Коротко вздохнув и закатив глаза, она промычала еще что-то страдальческое и невразумительное, потом чуть прогнулась назад тонким станом – очень красиво получилось. Может, потому, что стан хоть и перевалил за сорокалетний с порядочным гаком возраст, но был воспитан в строгом, не дающем поблажек режиме, то есть потел ежедневно на тренажерах, обмазывался поглощающим подкожный жир кремом и думать забыл о сладких булочках, намазанных маслом и джемом. Подойдя к Насте, она опустилась на корточки, взяла в руки ее ладони, прижала к щекам.

– Доченька, не слушай их, не надо тебе рожать… Ты же у меня красавица, умница! Загубишь себя… Ты подумай – двое детей! Да на тебя ж потом никто и не посмотрит даже! Судьбу себе женскую сломаешь, доченька!

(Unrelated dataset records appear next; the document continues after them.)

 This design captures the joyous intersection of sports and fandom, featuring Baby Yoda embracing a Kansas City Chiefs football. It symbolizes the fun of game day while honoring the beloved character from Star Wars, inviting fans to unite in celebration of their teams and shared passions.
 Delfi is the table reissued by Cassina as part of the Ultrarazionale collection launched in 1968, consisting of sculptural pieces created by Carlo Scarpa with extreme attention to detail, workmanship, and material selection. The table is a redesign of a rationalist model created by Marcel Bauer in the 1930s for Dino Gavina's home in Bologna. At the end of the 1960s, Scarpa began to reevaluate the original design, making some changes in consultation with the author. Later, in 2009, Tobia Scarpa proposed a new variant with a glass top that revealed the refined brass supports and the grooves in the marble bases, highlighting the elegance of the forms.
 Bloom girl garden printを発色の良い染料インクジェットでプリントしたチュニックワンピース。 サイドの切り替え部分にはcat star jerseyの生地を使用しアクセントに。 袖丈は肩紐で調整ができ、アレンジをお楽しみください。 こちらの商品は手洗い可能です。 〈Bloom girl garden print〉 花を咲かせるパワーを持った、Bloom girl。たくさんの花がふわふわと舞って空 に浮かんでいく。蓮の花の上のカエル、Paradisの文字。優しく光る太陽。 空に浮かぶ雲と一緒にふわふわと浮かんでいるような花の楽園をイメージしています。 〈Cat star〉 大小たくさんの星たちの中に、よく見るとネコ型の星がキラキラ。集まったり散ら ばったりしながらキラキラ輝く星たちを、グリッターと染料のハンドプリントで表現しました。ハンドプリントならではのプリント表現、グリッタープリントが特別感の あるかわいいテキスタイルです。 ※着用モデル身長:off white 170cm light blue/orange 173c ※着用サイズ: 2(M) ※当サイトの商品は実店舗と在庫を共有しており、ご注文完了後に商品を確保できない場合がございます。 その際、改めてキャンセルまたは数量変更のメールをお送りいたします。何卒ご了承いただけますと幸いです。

– Ир, да ты что… – тихо проговорила Дарья Васильевна. – Ты что говоришь, опомнись! Судьба как судьба… Дети – это тоже женская судьба, между прочим! По крайней мере, значительная ее часть… Ты вспомни, Ир, как мы тебя с Катей уговаривали не отказываться… Забыла, что ли? Зато теперь у тебя Настасья есть!

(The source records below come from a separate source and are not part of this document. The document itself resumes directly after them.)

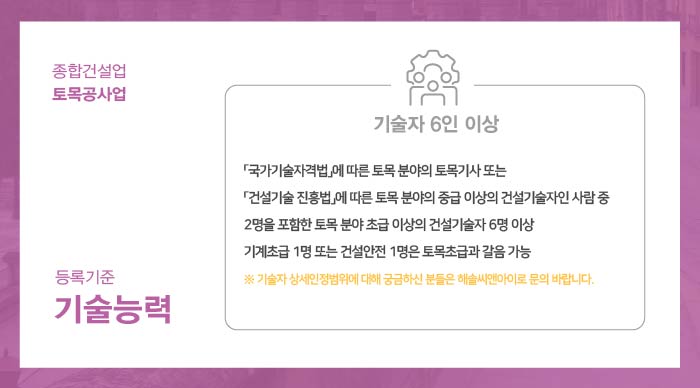 기술자는 국가기술자격법에 따른 토목 분야의 토목기사 또는 한국건설기술인협회에서 발급하는 토목 분야 중급 이상의 경력수첩 보유자 중 2인을 포함한 토목 분야 초급 이상의 경력수첩 보유자 6인 이상으로 구성되어야 하며, 상시 근로가 원칙이므로 타사 겸업 및 겸직은 불가합니다.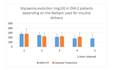 Though our series were small and not fully matched, the mean results of insulin therapy in ADD-CIT groups of patients in terms of glycaemia decrease and stabilization as well as decrease of hypoglycaemia event frequency and repeats looked convincingly better than in patients treated by the usual procedure only based on glycaemia measurements. This confirms the usefulness of ∆T evolution evaluation as a complementary feedback for insulin delivery not only in DM 1 patients but also in DM 2 and any other patients with acute severe glucose metabolism disorders.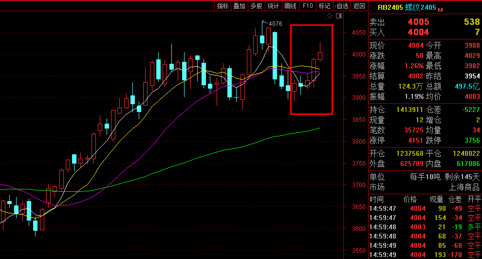 [Futures Market] The opening price of 2402 main contract was 6882, the highest price was 6954, the lowest price was 6766, the closing price was 6868, the settlement price was 6902, the position was 285936, the trading volume was 745755, and the transaction amount was 25.5693 billion yuan, an increase of 0.09%.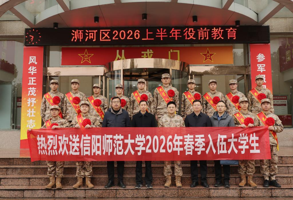 3月16日,信阳师范大学在信阳市民兵训练基地举行2026年春季入伍大学生欢送会。校党委副书记、工会主席岳宗德,浉河区武装部、校学工部、人民武装部和明德书院、崇实书院负责同志及应征入伍学生参加。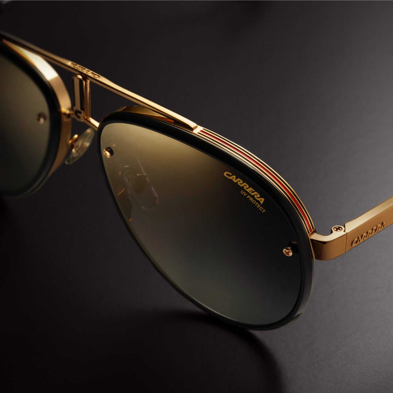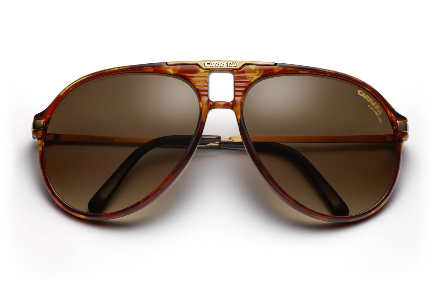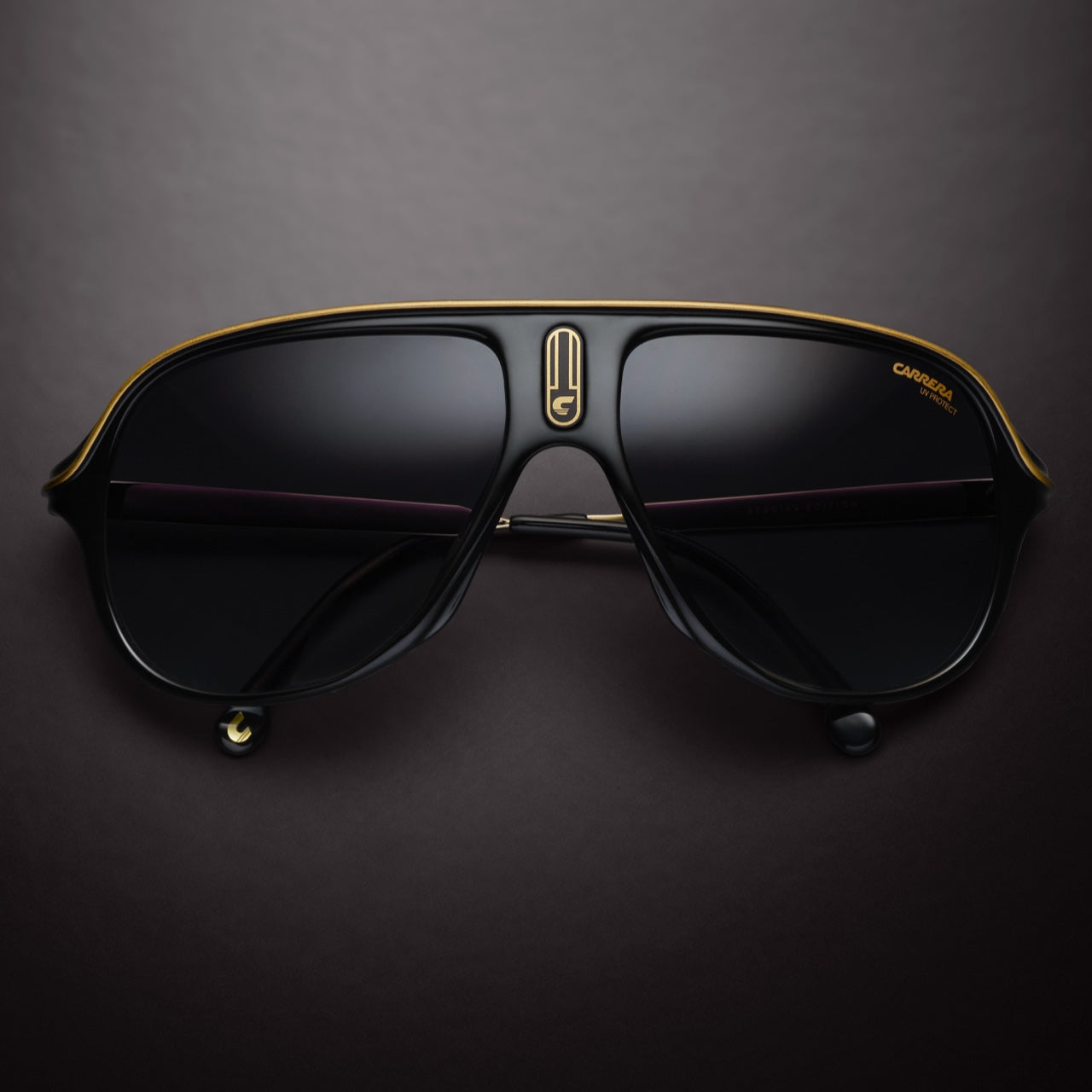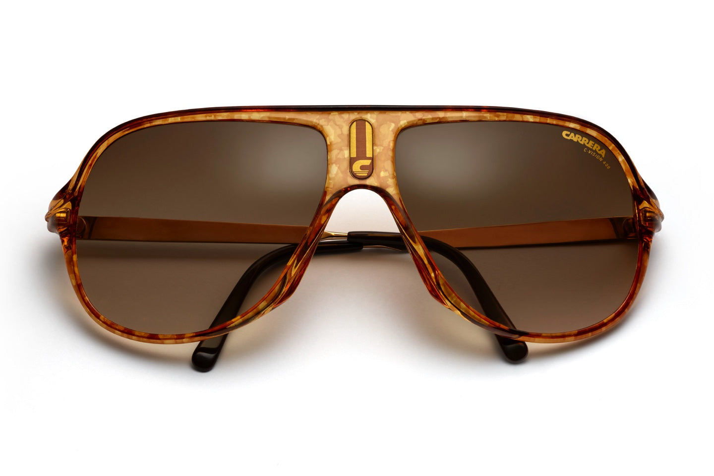 With this choice, Carrera broke the golden rules in the eyewear industry, which called for a clean-cut and understated front design, and created the signature detail that from then on would identify the brand.

– Да ничего я не забыла, теть Даш. Не в этом дело. Вы же видите, какая она у нас… непростая. С виду шустрая, легкая, а внутри на все замки замкнутая. Как она жить будет? Ей и самой в обществе адаптироваться трудно, а тут еще дети… Господи, я так радовалась, когда у нее этот Олег появился! Ведь он ее любил, я видела. И что? Приспичило ей судьбой Лизы озаботиться…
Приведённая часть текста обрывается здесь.